The driving shaft 6 is formed, at its end closer to the cylinder block 3, with a smaller diameter shaft portion 62 through a stepped portion 61. A coiled compression spring 29 is wound around the smaller diameter shaft portion 62. The coiled compression spring 29 is engaged at one end thereof with a spring seat 30 fitted and locked over the smaller diameter shaft portion 62, and at the other end thereof with an annular stopper 31 locked over the stepped portion 61. The stopper 31 functions to engage one end face of the sleeve 15 to compress the coiled compression spring 29, when the sleeve 15 slides leftwardly as viewed in FIG. 1.
An annular bottomed slide bore 32 opened toward the working chamber 5 is centrally provided in the end wall 211 of the casing 2 in a concentric relation to the driving shaft 6. An annular control piston 33 is slidably received in the slide bore 32. A control pressure chamber 34 is defined between the control piston 33 and a closed end of the slide bore 32. A coiled compression coiled spring 35 is contained in the control pressure chamber 34 biasing the control piston 33 toward the working chamber 5.
The control piston 33 is rotatably carried at its end closer to the working chamber 5 on a control plate 37 with angular ball bearing 36 interposed therebetween. The control plate 37 is integrally provided with a cylindrical portion 371 which axially extends to surround the driving shaft 6 and has its end face engaged with an end face of the sleeve 15 by a repulsive force of the coiled compression spring 35. The cylindrical portion 371 also has an axially extending slit 38 made therein.

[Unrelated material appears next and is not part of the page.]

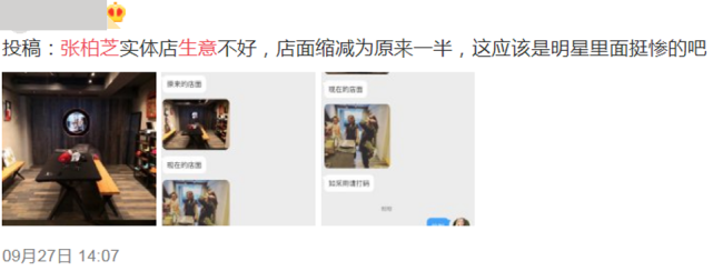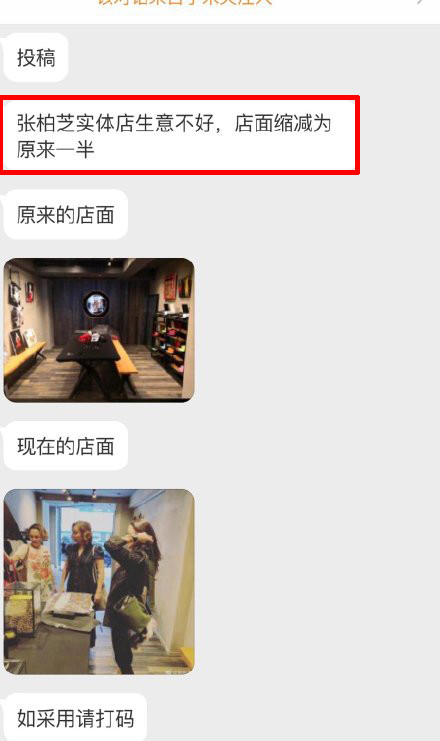 该网友在投稿描述中称,张柏芝的新店生意并不好,因此将店面都“削一半”。

The drive pin 25 extends through the slit 38, and the control plate 37 is rotated in unison with the driving shaft 6 while permitting the axial movement of the control plate 37.

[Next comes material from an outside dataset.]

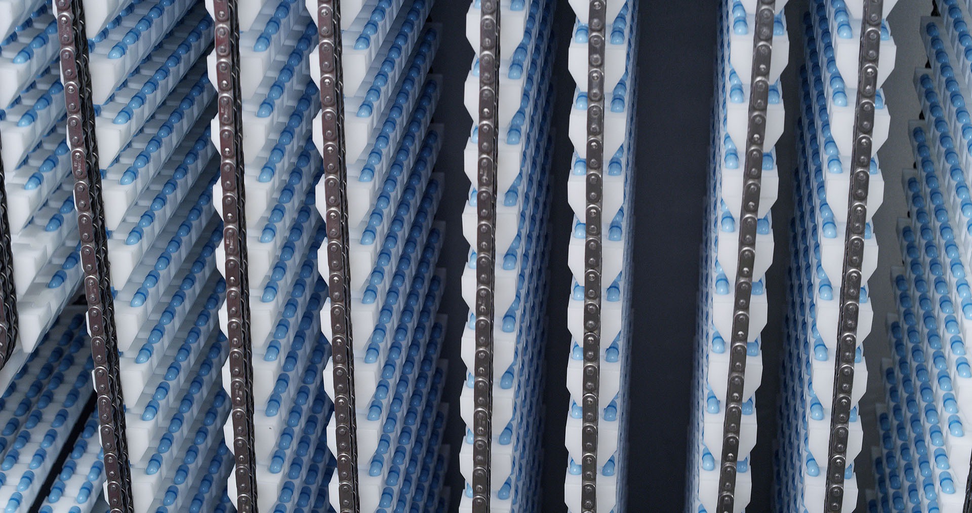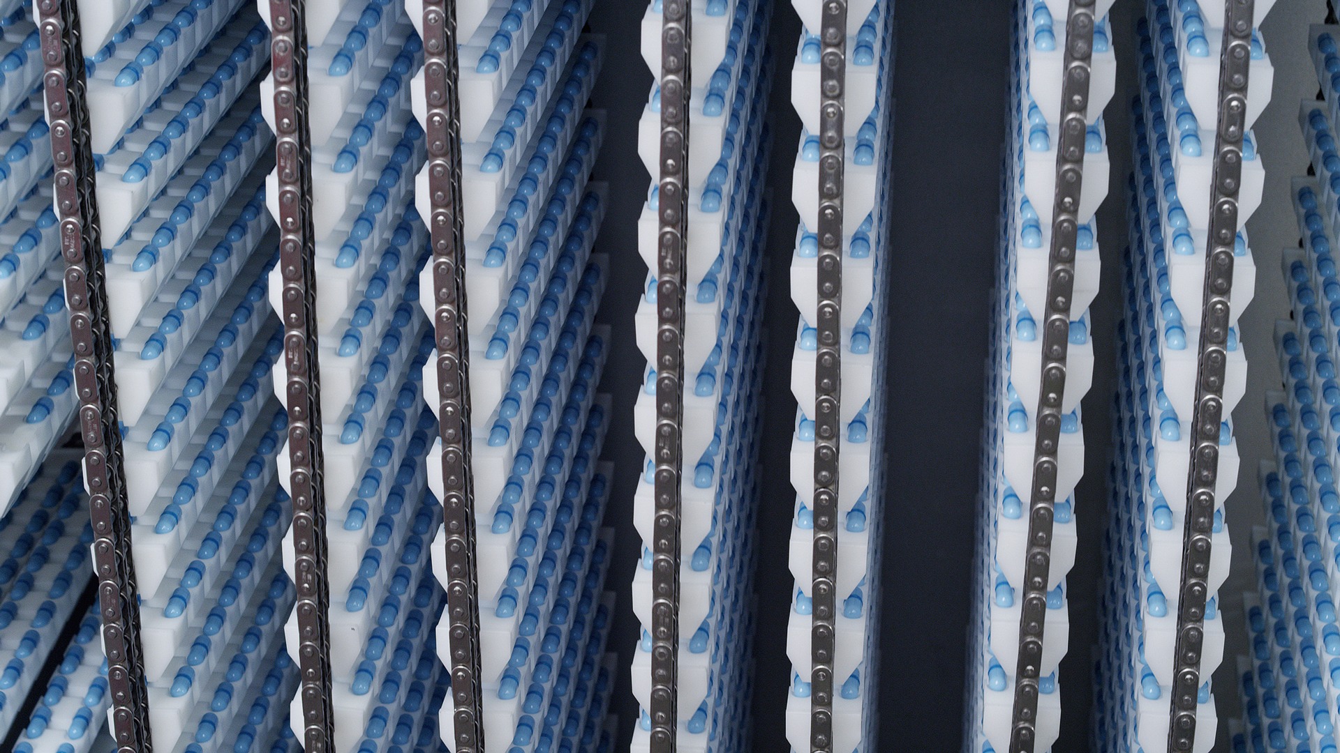 Both sealing and drying transport plates contain a double row of capsules, thus halving the pieces to change and clean.

A thrust needle bearing 39 is interposed between a back of the control plate 37 and the end wall 21 of the casing body 2. If the control piston 33 slides leftwardly or rightwardly, the sleeve 15 axially moves following the control piston 33, and correspondingly, the angular displacement of the holder 17 and the swingable swash plate 19 about the pivots 16 varies. More specifically, when the control piston 33 has moved leftwardly as viewed in FIG. 1, the holder 17 and the swingable swash plate 29 are swung clockwisely in correspondence to the movement of the control piston 33, resulting in a smaller sliding stroke of each working piston 13. On the other hand, when the control piston 33 has moved rightwardly, the sleeve 15 also moves rightwardly under the influence of a working pressure on the working pistons 13. Correspondingly, the holder 17 and the swingable swash plate 19 are swung conterclockwisely as viewed in FIG. 1 resulting in a larger operating stroke of the working pistons 13.

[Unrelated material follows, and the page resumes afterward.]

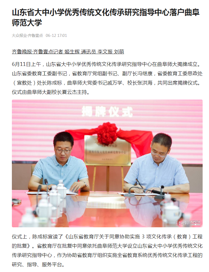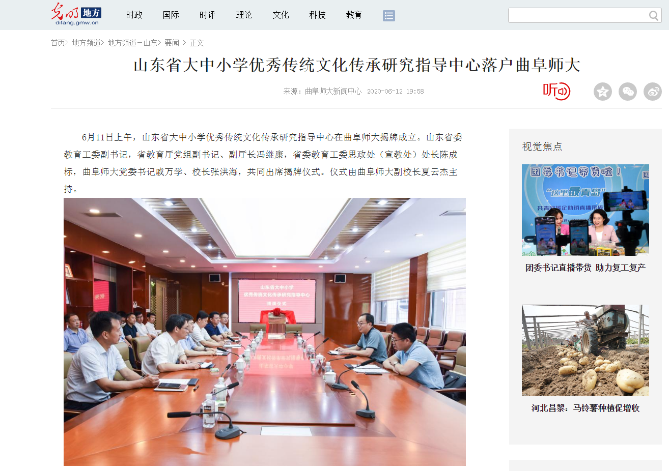 光明网:山东省大中小学优秀传统文化传承研究指导中心落户LD平台_LD(中国)一站式服务官网

A discharge chamber 42 is defined between the cylinder head 4 and the end plate 11, and a discharge passage 43 provided in the cylinder head 4 is connected to the discharge chamber 42. An intake chamber 44 is defined between the cylinder head 4 and the end plate 11 to angularly surround the discharge chamber 42 and is connected to the working chamber 5 through a communication passage 45 made in the cylinder block 3. Further, an intake passage (not shown) made in a wall of the casing body 2 is connected to the working chamber 5.
The end plate 11 is provided with plural discharge ports 46 which permits the communication of the discharge chamber 42 with the pressure chambers 12. A discharge valve 47 is mounted in each discharge port 46 and adapted to open the discharge port 46 when the working piston 13 is in a compressing operation. The end plate 11 is further provided with plural intake ports 48 which permits the communication of the intake chamber 44 with the pressure chambers 12. An intake valve 49 is mounted in each intake port 48 and adapted to open the intake port 48 when the working piston 13 is in an intake operation.
As the plurality of pistons 13 reciprocate in sequence, in viewing the intake stroke of a particular piston, the refrigerant is passed from the intake passage through the working chamber 5 and the communication passage 45 into the intake chamber 44 and then, it opens the corresponding intake valve 49 and is drawn into the respective pressure chamber 12. In the compressing stroke of the piston, the compressed refrigerant in the respective pressure chamber 12 opens the corresponding discharge valve 47 and is passed under pressure from the discharge chamber 43 into the discharge passage 43.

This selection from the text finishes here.